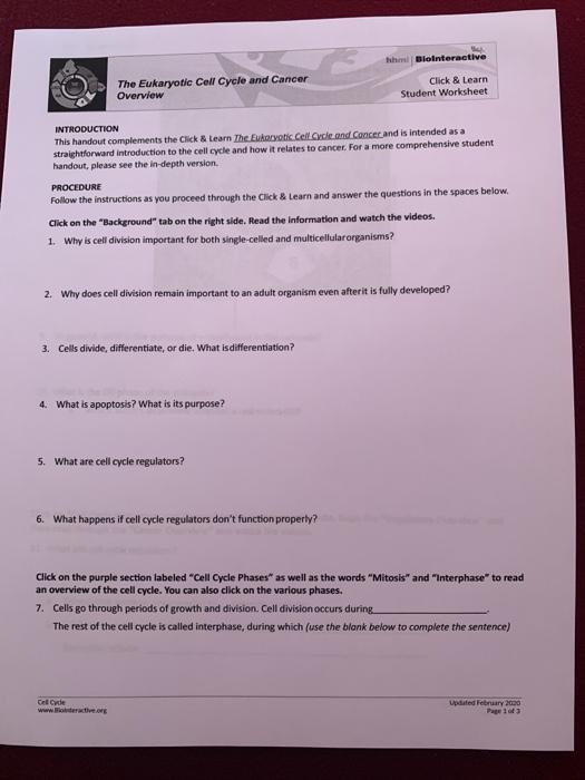 Topic 6 Eukaryotic Cell Cycle and Cancer Exploration Worksheet ... cancer exploration worksheet answer key for topic 6 on cell cycle and cancer. the eukaryotic cell cycle and cancer in depth click learn student worksheet. HHMI Cell Cycle and Cancer Overview Worksheet - StuDocu An Assignment given to us for our module on Cancer and the cell cycle and how the two interact julian delamaza bsci introduction this handout complements ...
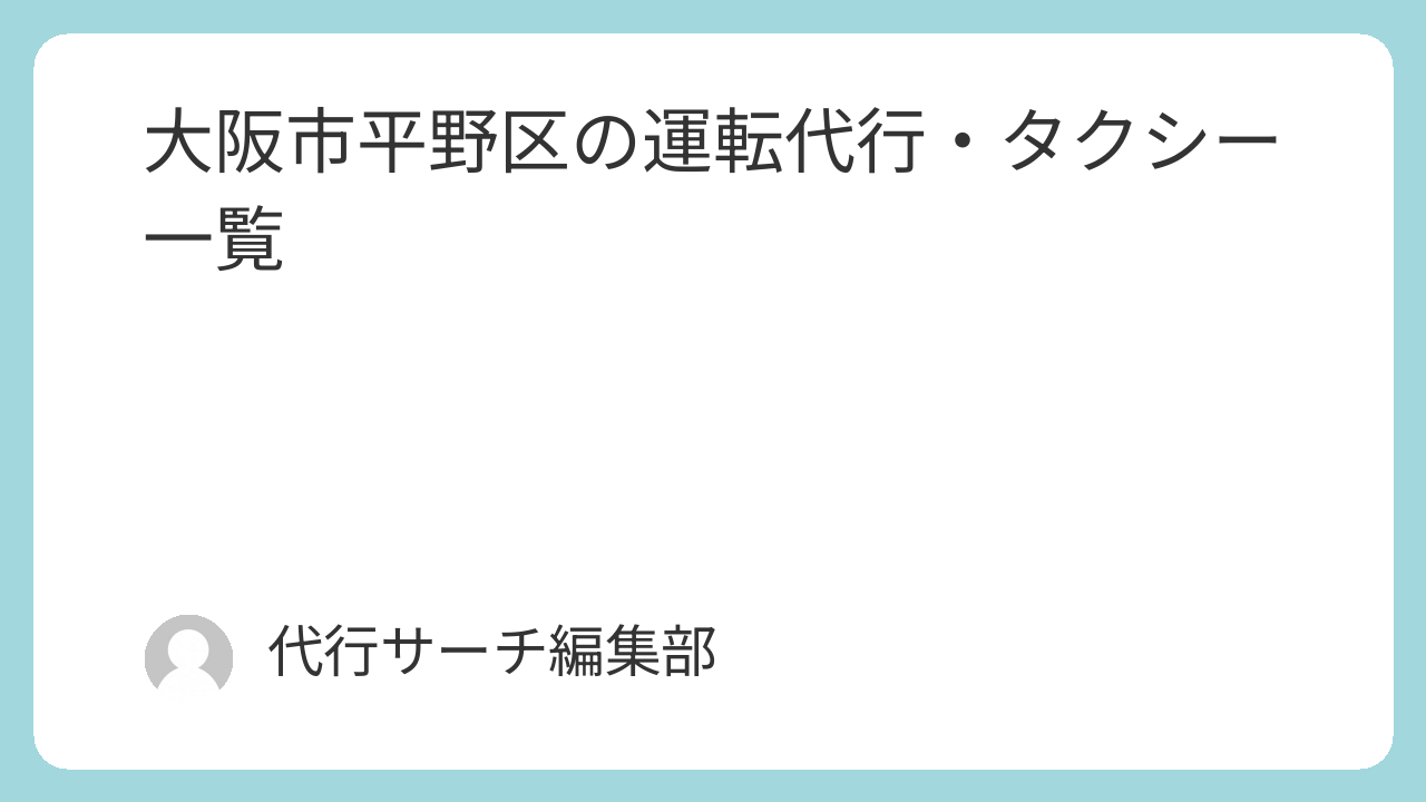 このページでは、大阪市平野区に所在地が登録されている運転代行・タクシーを掲載しています。
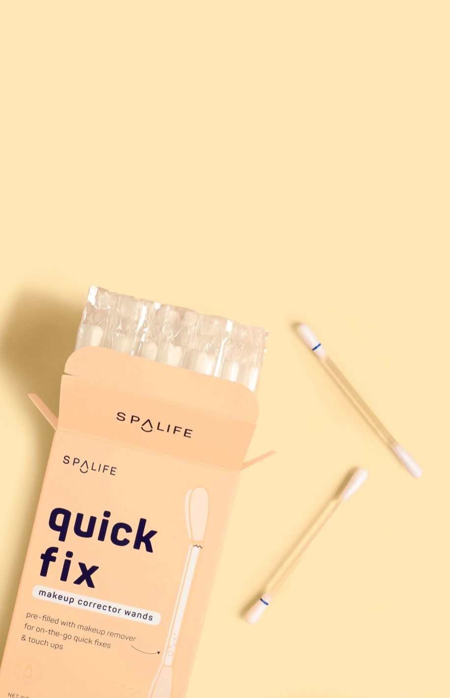 • Makeup remover will flow through the wand into the opposite swab.
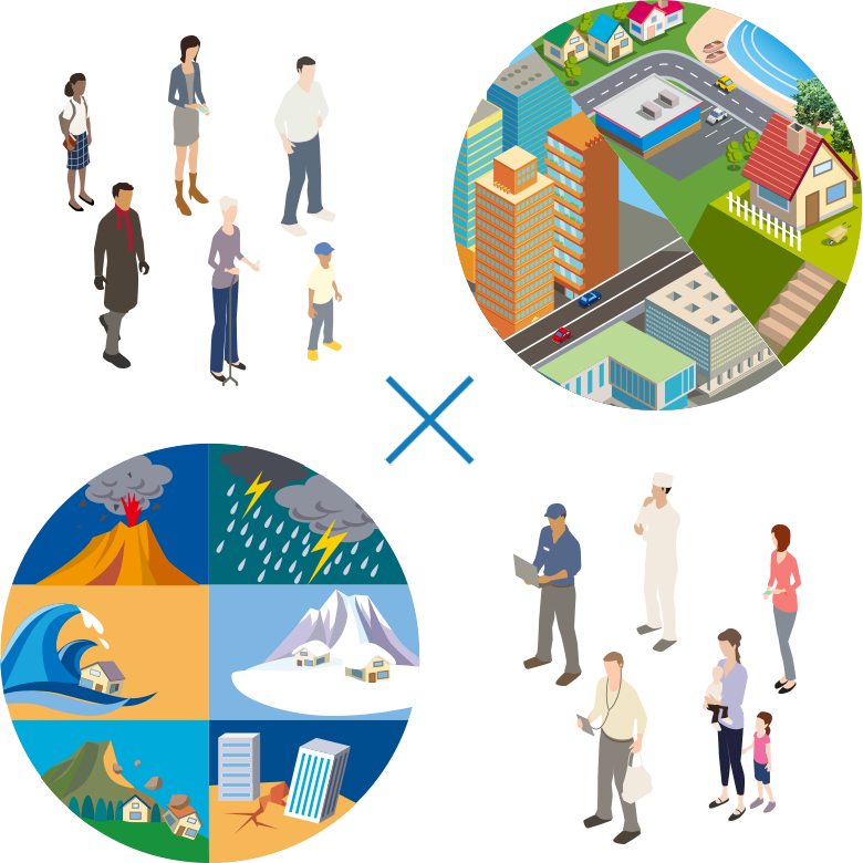 万が一災害が起きたときに適切な行動をとるためには、今後起こる可能性のある災害で、自分がどのような影響を受けるのかをあらかじめ知り、事前に備えておくことが大切です。YOU@RISKは、災害時のリスクに対して、何を知り、どのように行動するべきなのか、学びの機会を提供する情報プロダクツです。
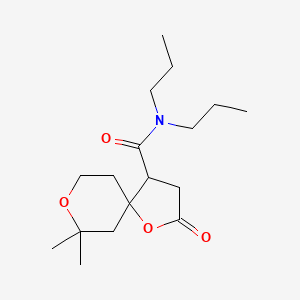 7,7-Dimethyl-2-oxo-N,N-dipropyl-1,8-dioxaspiro[4.5]decane-4-carboxamide is a complex organic compound with a molecular formula of C17H29NO4. This compound belongs to the class of spiro compounds, which are characterized by their unique ring structures
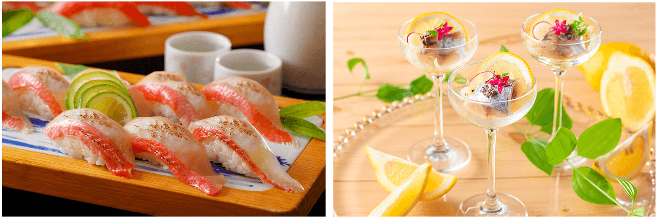 左:金目鯛の炙り寿司もご用意。炙ることでとろける脂が旨味を増し、生のお造りとはまた異なる美味しさを堪能いただけます。
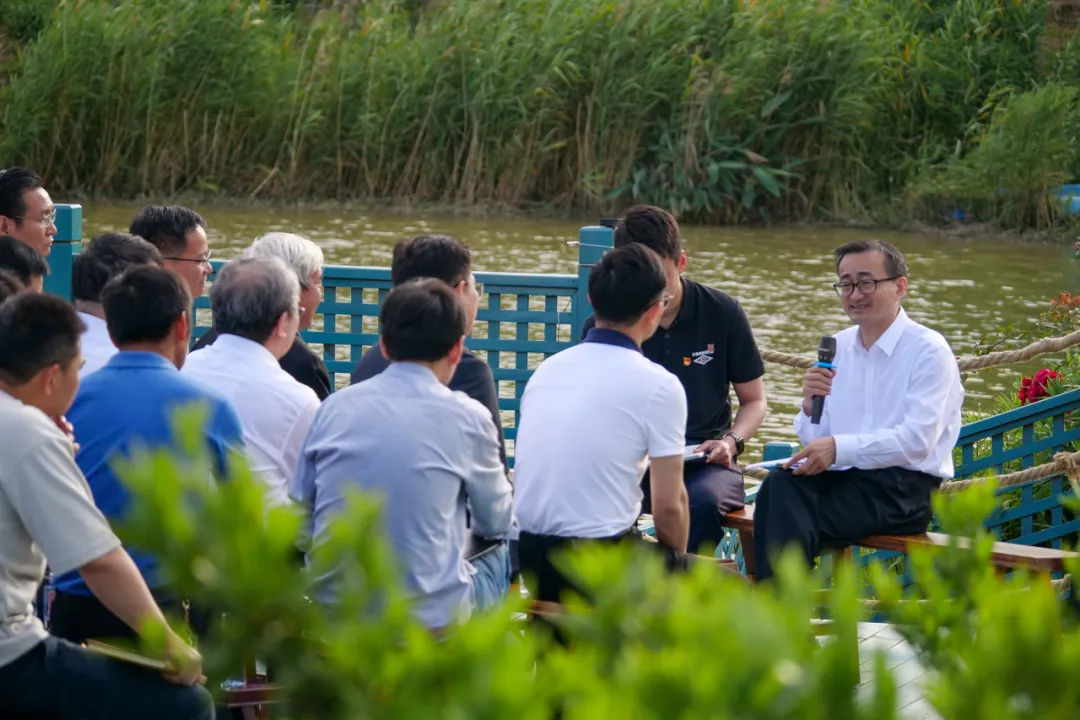 学习会后,刘元春校长一行随即来到南桥镇华严村橘米公社开展奉贤讲习所基层宣讲活动。南桥镇华严村党总支书记苑晨主持活动并简要介绍了该村基本情况,尤其是集体经济发展情况。刘元春校长与村干部、村民们围坐在河岸边,他谈到,奉贤讲习所深入基层,走入田间地头,在宣讲层面上既要“往前走一步”,让百姓看到政策走向和发展趋势,也要“向后走一步”,让村镇了解政策制定的现实原因和理论来源,使习近平经济思想真正入脑入心。活动中,刘元春校长还就大家提出的关于驻村企业服务农村经济、提升乡村品牌价值、改善农业基础设施建设、提高农业固定资产投资帮扶等问题进行了互动交流。奉贤区委宣传部、南桥镇党委、农业农村办、农业中心、各行政村、企业、农业专业合作社、乡贤代表等40多人参加了活动。

— Your objective —
Retype the data exactly; images stay out.

— Task response —
 Topic 6 Eukaryotic Cell Cycle and Cancer Exploration Worksheet ... cancer exploration worksheet answer key for topic 6 on cell cycle and cancer. the eukaryotic cell cycle and cancer in depth click learn student worksheet. HHMI Cell Cycle and Cancer Overview Worksheet - StuDocu An Assignment given to us for our module on Cancer and the cell cycle and how the two interact julian delamaza bsci introduction this handout complements ...
 このページでは、大阪市平野区に所在地が登録されている運転代行・タクシーを掲載しています。
 • Makeup remover will flow through the wand into the opposite swab.
 万が一災害が起きたときに適切な行動をとるためには、今後起こる可能性のある災害で、自分がどのような影響を受けるのかをあらかじめ知り、事前に備えておくことが大切です。YOU@RISKは、災害時のリスクに対して、何を知り、どのように行動するべきなのか、学びの機会を提供する情報プロダクツです。
 7,7-Dimethyl-2-oxo-N,N-dipropyl-1,8-dioxaspiro[4.5]decane-4-carboxamide is a complex organic compound with a molecular formula of C17H29NO4. This compound belongs to the class of spiro compounds, which are characterized by their unique ring structures
 左:金目鯛の炙り寿司もご用意。炙ることでとろける脂が旨味を増し、生のお造りとはまた異なる美味しさを堪能いただけます。
 学习会后,刘元春校长一行随即来到南桥镇华严村橘米公社开展奉贤讲习所基层宣讲活动。南桥镇华严村党总支书记苑晨主持活动并简要介绍了该村基本情况,尤其是集体经济发展情况。刘元春校长与村干部、村民们围坐在河岸边,他谈到,奉贤讲习所深入基层,走入田间地头,在宣讲层面上既要“往前走一步”,让百姓看到政策走向和发展趋势,也要“向后走一步”,让村镇了解政策制定的现实原因和理论来源,使习近平经济思想真正入脑入心。活动中,刘元春校长还就大家提出的关于驻村企业服务农村经济、提升乡村品牌价值、改善农业基础设施建设、提高农业固定资产投资帮扶等问题进行了互动交流。奉贤区委宣传部、南桥镇党委、农业农村办、农业中心、各行政村、企业、农业专业合作社、乡贤代表等40多人参加了活动。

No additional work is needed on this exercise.